Intraputamenal Cerebral Dopamine Neurotrophic Factor in Parkinson's Disease: A Randomized, Double-Blind, Multicenter Phase 1 Trial.

BACKGROUND: Cerebral dopamine neurotrophic factor (CDNF) is an unconventional neurotrophic factor that protects dopamine neurons and improves motor function in animal models of Parkinson's disease (PD). OBJECTIVE: The primary objectives of this study were to assess the safety and tolerability of both CDNF and the drug delivery system (DDS) in patients with PD of moderate severity. METHODS: We assessed the safety and tolerability of monthly intraputamenal CDNF infusions in patients with PD using an investigational DDS, a bone-anchored transcutaneous port connected to four catheters. This phase 1 trial was divided into a placebo-controlled, double-blind, 6-month main study followed by an active-treatment 6-month extension.
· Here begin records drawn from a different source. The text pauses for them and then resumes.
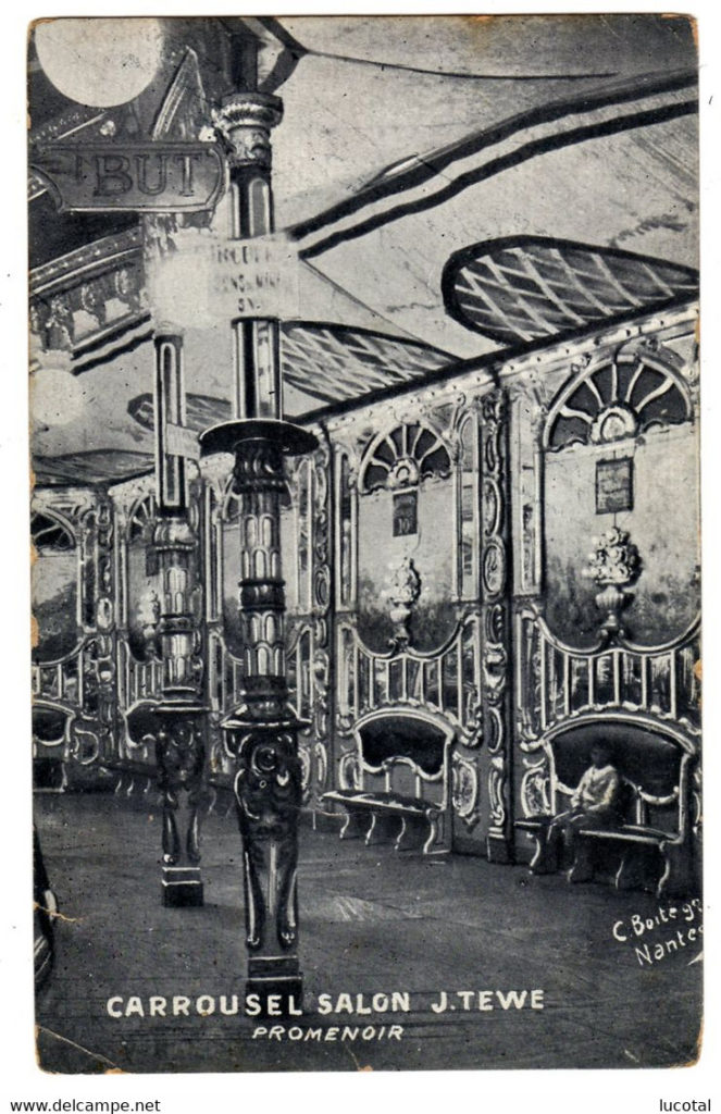 Cartes postales du carrousel salon de la famille Tewe. Remarquez le superbe promenoir et sa très belle décoration.
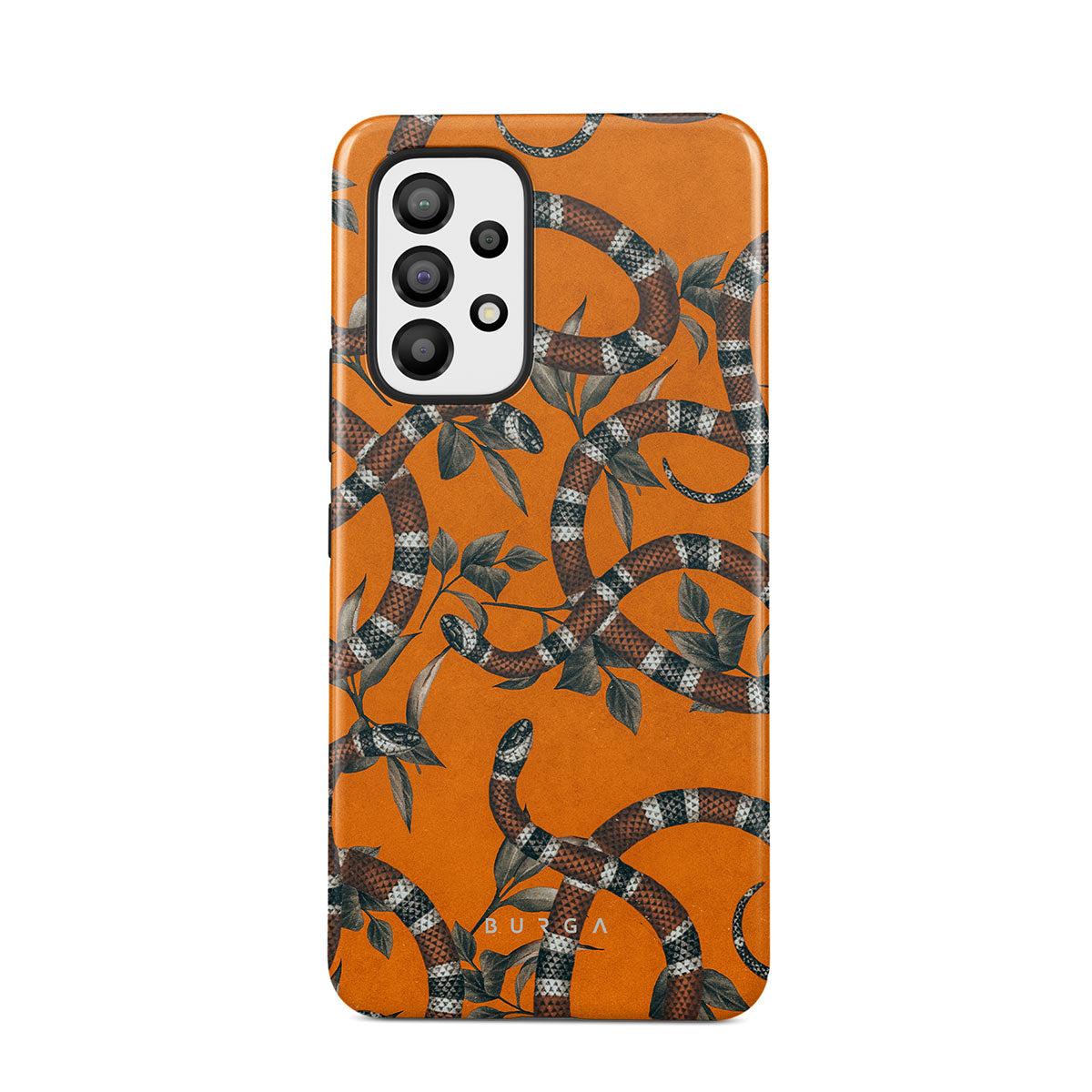 Take a bit of fierceness with yourself with our bright orange and dangerously beautiful Samsung Galaxy A33 phone case with a snake pattern. This case is real eye candy for fashion lovers and just as needed for those who strive to keep their phones protected.
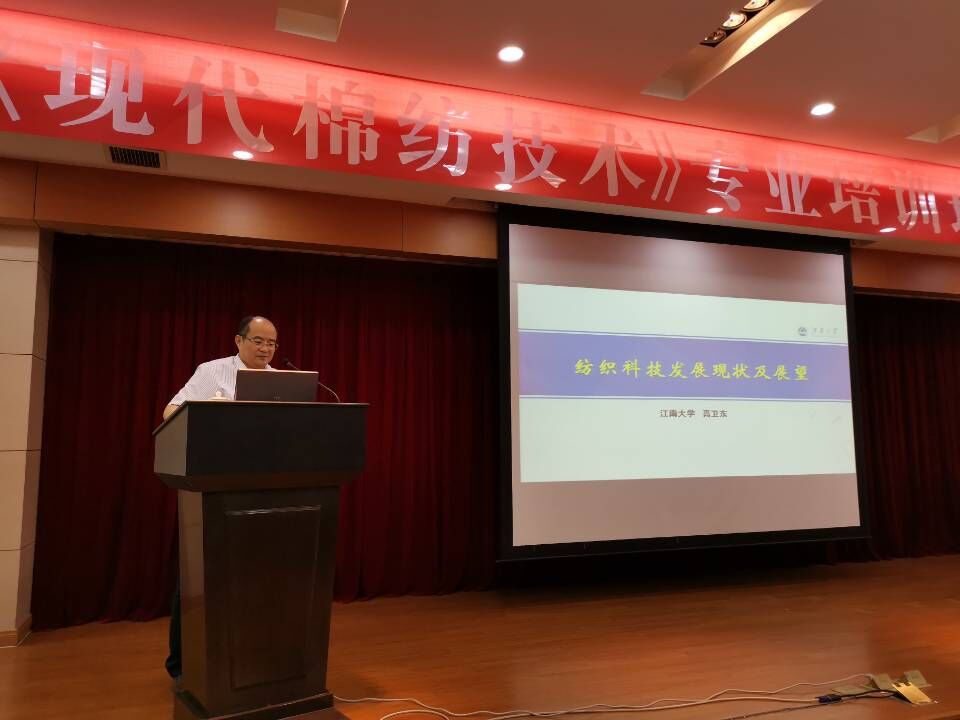 无锡一棉纺织集团党委书记、董事长周晔珺首先在开班仪式上致辞。周晔珺表示,打造国际一流的纺织企业,需要有专业的人才梯队,无锡一棉专注于纺纱与织布,定位四化发展方向即生产智能化,管理信息化,产品特色化,贸易全球化,希望通过专业培训班的开设,打造学习型团队,专业化团队和创新性团队。周晔珺要求广大学员能够珍惜学习机会,端正学习态度,研究学习方法,注重学习效果。随后,高卫东教授致辞,介绍了江南大学纺织服装学院的发展历程,重点阐述了大学在人才培养、科学研究、社会服务和文化传承中的作用,同时也表达了通过培训班的开设,为企业打造纺织专业技术型团队的愿景。开学典礼结束后,高卫东教授给广大企业学员带来题为《纺织科技发展现状及展望》的特邀报告,从当代科技发展特点及高新领域、当代科技发展特点及高新领域、棉纺织加工技术的科技进展、棉纺织新产品开发技术、非织造技术与产业用纺织品、棉纺织科技展望等六方面诠释了纺织科技的现在和未来。
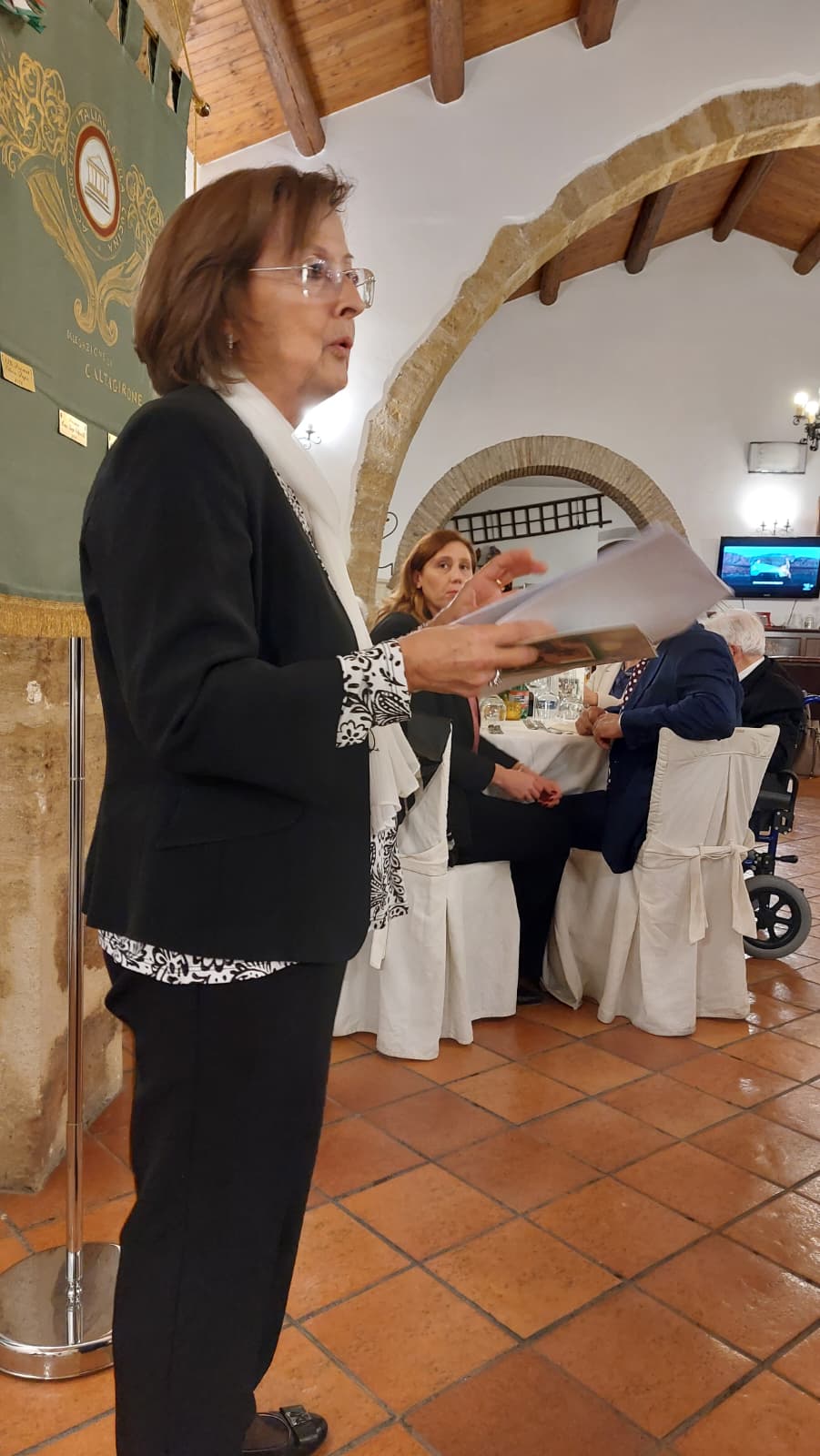 Nel suggestivo scenario dell’azienda agrituristica “Gigliotto Tenute”, nel territorio di San Michele di Ganzaria, la Delegazione di Caltagirone ha celebrato la Cena Ecumenica. Dopo il caloroso intervento online del Delegato Maurizio Pedi, la vice Delegata Colomba Cicirata ha aperto il convivio ricordando la storia delle Tenute Gigliotto: un tempo appartenute ai Gravina e sede dei monaci benedettini che ne bonificarono le terre, sono state acquistate nel 1990 dalla famiglia Savoca, che le ha restaurate trasformandole in un’azienda agricola e vitivinicola con ristorante e resort. La Simposiarca Anna Dabbicco ha poi introdotto il tema della serata, sottolineando l’importanza delle carni, primigenia forma di nutrimento umano, e come il passaggio dalla cottura sulla fiamma alla più elaborata bollitura abbia segnato una svolta nell’evoluzione alimentare. Grande attenzione alla tradizione è stata riservata nella scelta del menù, con pietanze tratte dalle più antiche consuetudini familiari. Tutti i piatti, elencati nel raffinato cartoncino del menù raffigurante in copertina “La Vucciria” di Guttuso, sono stati simpaticamente indicati in siciliano: purpetti ’nte pampini di lumia, zùzzu, quarume, ficatu ‘ri sette cannola…
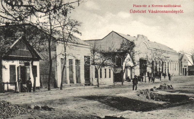 Beschreibung: Vásárosnamény Piactér, Korona Szálloda, Beck Izidor és Mandel Rozália kereskedései
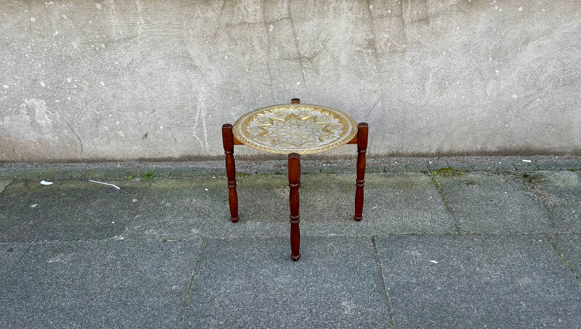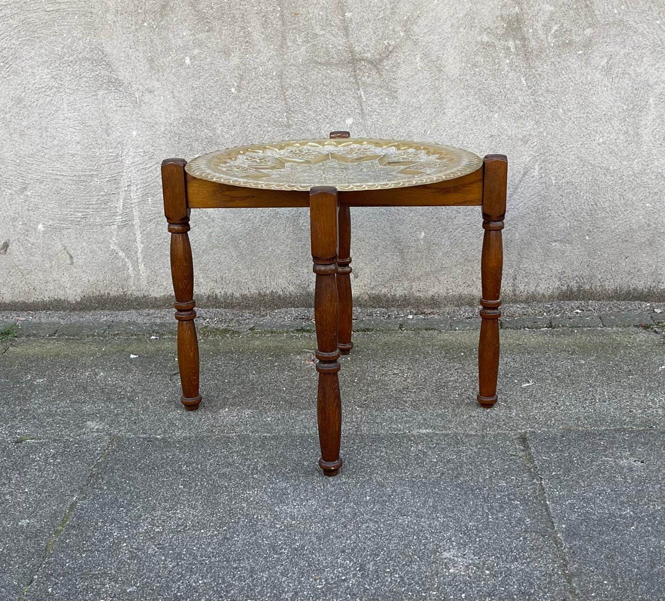 Vintage Moroccan Tea Tobacco Engraved Brass Tray Top Table, 1970s
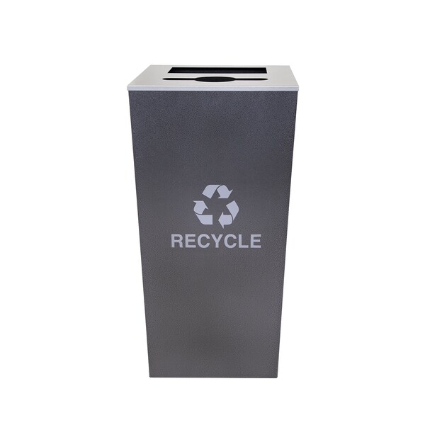 Metro Collection XL 34-gal capacity combination Trash/Recycling Receptacle in a Hammered Charcoal finish. Collar is finish in platinum powder coat. Silver vinyl decals. Clean lines and quality construction merge to create a Recycling Receptacle that is as visually stunning as it is functional. Metro Collection Recycling Receptacles complement any decor, traditional or contemporary. ADA Compliant and constructed of fire-safe steel. Two2 ridgid 17 gallon plastic liners and divided lid allow for sorting of Trash & Recyclables at a single collection point. Four heavy-duty feet keep the units slightly elevated to allow for air circulation and help restrict mold and mildew growth and unsightly discoloration of floor surfaces from mop aroundin rings. Optional caster kit 4-2in casters available for superior maneuverability. Contains over 30% recycled material and 100% post-consumer recyclable
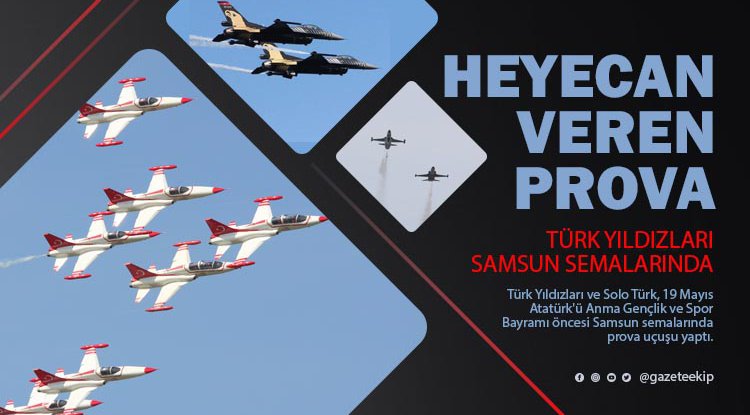 Samsun'da 19 Mayıs Perşembe günü yapılacak gösteri öncesi Samsun’a gelen Türk Yıldızları ve Solo Türk pilotları uçaklarıyla birlikte Samsun semalarında prova uçuşu gerçekleştirdi.
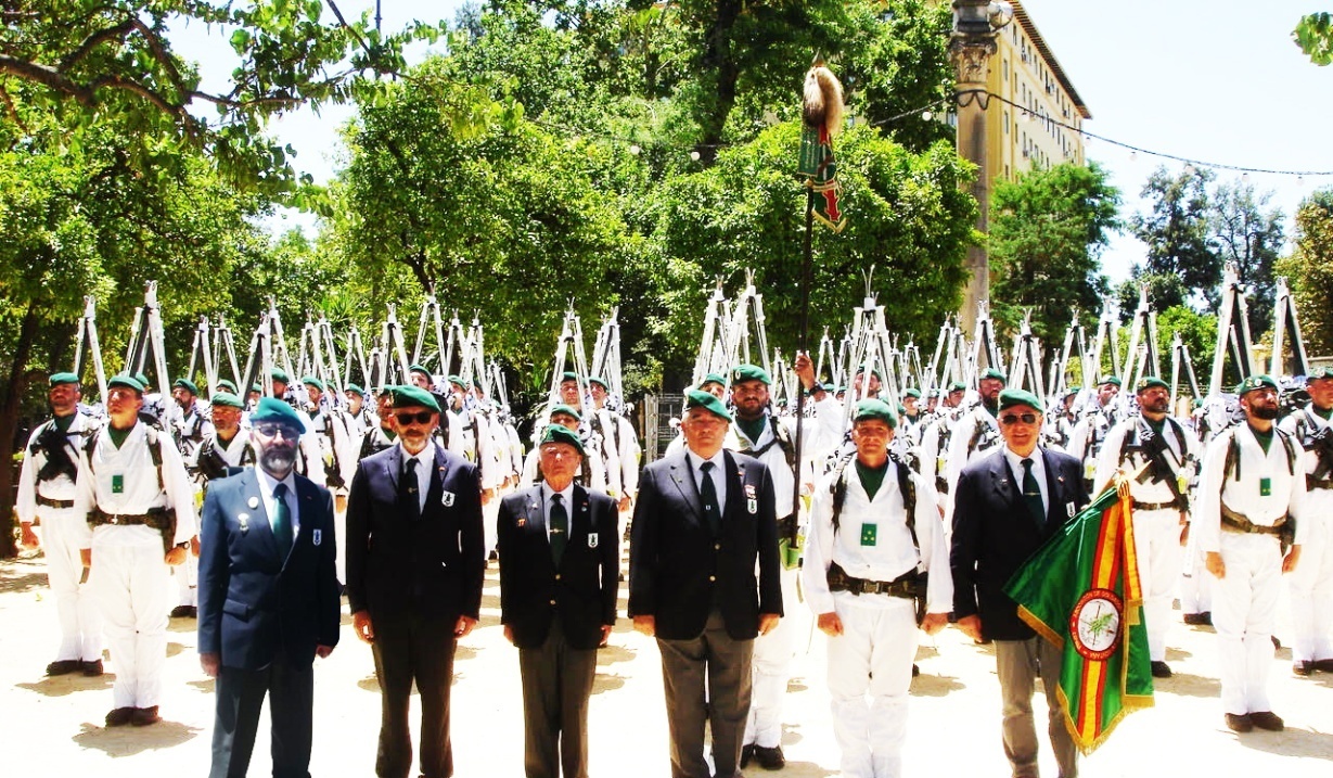 Llegamos a la confluencia de los Paseos de Colón y Delicias, lugar donde se dislocó el desfile, continuamos hasta el Parque de Mª Luisa donde dejamos el Aníbal despidiéndonos de nuestro conductor el soldado Carmona. Seguidamente al primer quiosco del Parque para hidratarnos, los 36oC a la sombra se notaban. Aunque más se palpaba nuestra satisfacción y orgullo. En este lugar estaban concentradas todas las unidades de a pie con los vehículos para regresar a sus destinos respectivos. Guardia Civil, Legionarios, Regulares de Ceuta, Infantería de Marina y los Cazadores de Montaña del “Galicia” 64 al mando del Capitán Pradilla, lo cual permitió fotografiarnos con ellos.
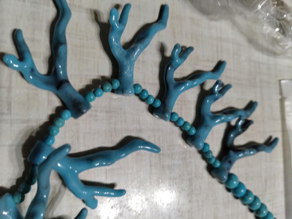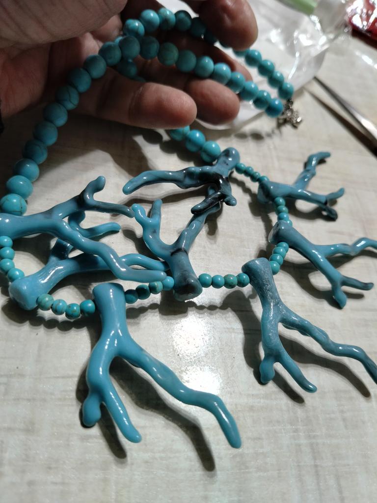 For such a price, it's okay. The corals are lightweight plastic, the beads are also made of plastic I think but painted to look like natural stone. I mixed them with beads of irregular-shaped silvery pearls, I think it looks not bad
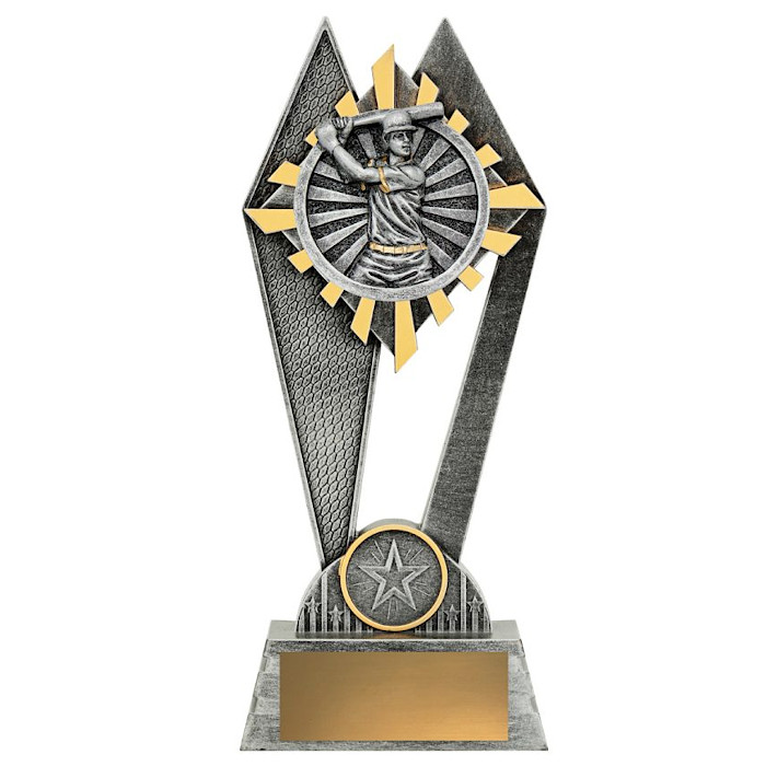 The Peak Baseball / Softball Male trophy offers superb value for such an impressive sized award! Featuring an elevated design that showcases a baseball/softball theme against a vibrant sunray style background. Available with a baseball/softball theme, male or female design. Finished in antique silver colour with gold highlights. These trophies are available in 3 sizes with space for your free club logo centre and free engraving.
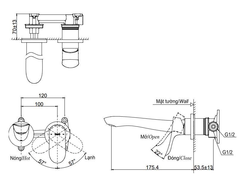 • Tên sản phẩm: Vòi chậu gật gù nóng lạnh gắn tường GO (2 lỗ)
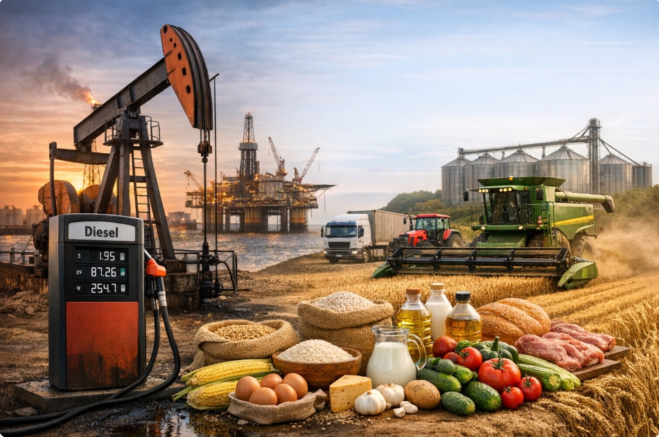 Sahibkartv.az xəbər verir ki, qlobal savaş dövründə neft və ərzaq qiymətləri arasında güclü iqtisadi əlaqə yaranır. Enerji qiymətlərinin artması qida məhsullarının istehsal və daşınma xərclərinə birbaşa təsir edir.
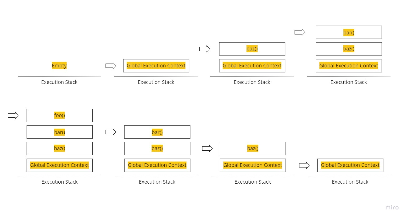 - 当执行一个函数时,就会创建一个执行上下文,并压入执行上下文栈中,然后执行函数内的代码,当函数执行完毕时,其执行上下文会从栈顶弹出,并将函数返回值赋给调用函数的变量;
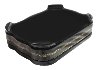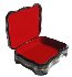 The box is constructed from paper-mache made. Black lacquer is used to paint the exterior of the piece while a red lacquer completes the interior of the work. A hinge has been fastened to the top of the composition and the box rests on four legs.

Eligible patients, aged 35 to 75 years, had moderate idiopathic PD for 5 to 15 years and Hoehn and Yahr score ≤ 3 (off state). Seventeen patients were randomized to placebo (n = 6), 0.4 mg CDNF (n = 6), or 1.2 mg CDNF (n = 5). The primary endpoints were safety and tolerability of CDNF and DDS and catheter implantation accuracy. Secondary endpoints were measures of PD symptoms, including Unified Parkinson's Disease Rating Scale, and DDS patency and port stability. Exploratory endpoints included motor symptom assessment (PKG, Global Kinetics Pty Ltd, Melbourne, Australia) and positron emission tomography using dopamine transporter radioligand [18 F]FE-PE2I. RESULTS: Drug-related adverse events were mild to moderate with no difference between placebo and treatment groups. No severe adverse events were associated with the drug, and device delivery accuracy met specification. The severe adverse events recorded were associated with the infusion procedure and did not reoccur after procedural modification. There were no significant changes between placebo and CDNF treatment groups in secondary endpoints between baseline and the end of the main and extension studies. CONCLUSIONS: Intraputamenally administered CDNF was safe and well tolerated, and possible signs of biological response to the drug were observed in individual patients. © 2023 The Authors. Movement Disorders published by Wiley Periodicals LLC on behalf of International Parkinson and Movement Disorder Society.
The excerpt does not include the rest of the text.